README file. This is a file literally named README. This file should follow the format of https://cs.brynmawr.edu/cs246/README.txt Your readme file should clearly state how to compile and run you program.
All program files for this task.
A script showing the use of your code This should illustrate all of the apps functions (There are really only 2).
Your makefile. Yes, you must have one.
Include in your submission a reflection. This file should contain reflections on this assignment (what was hard? what wasn’t so bad? how much time did it take?) as well as any general reflections you wish to share about the course.
Do NOT include emacs temp files, or the temp files of any other program. For emacs these are of the form xxxx~ and #xxxx#. Also do not include an executable files or intermediate compilation results (.o files).

How to submit

Do not use the submit script
Use tar to create an compressed archive of your submission. Name the tar file something clever like YOURLOGIN_qwe_8.tar.gz where "qwe" is a set of three "secret characters".
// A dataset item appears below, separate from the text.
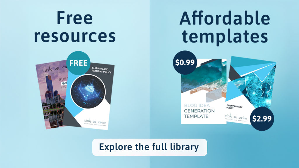 Whether you’re downloading a free checklist or investing in a template that will simplify your operations, our resources are here to help you grow. At Sink or Swim Marketing, we provide the tools you need to do more than just survive in business, we help you swim.

Copy your tar file to /home/gtowell/submissions/spring2021/cmsc246/project8. Only I can get a directory listing of this directory so the three secret characters keeps other students from accidentally overwriting (before you get permission set as below), or reading, your work.
Set permissions on your submission so that anyone can read but only you can write to the file. That way no one can accidentally overwrite your submission. If you do not allow anyone to read then I will not be able to read. This will result in a poor grade for the assignment (think zero).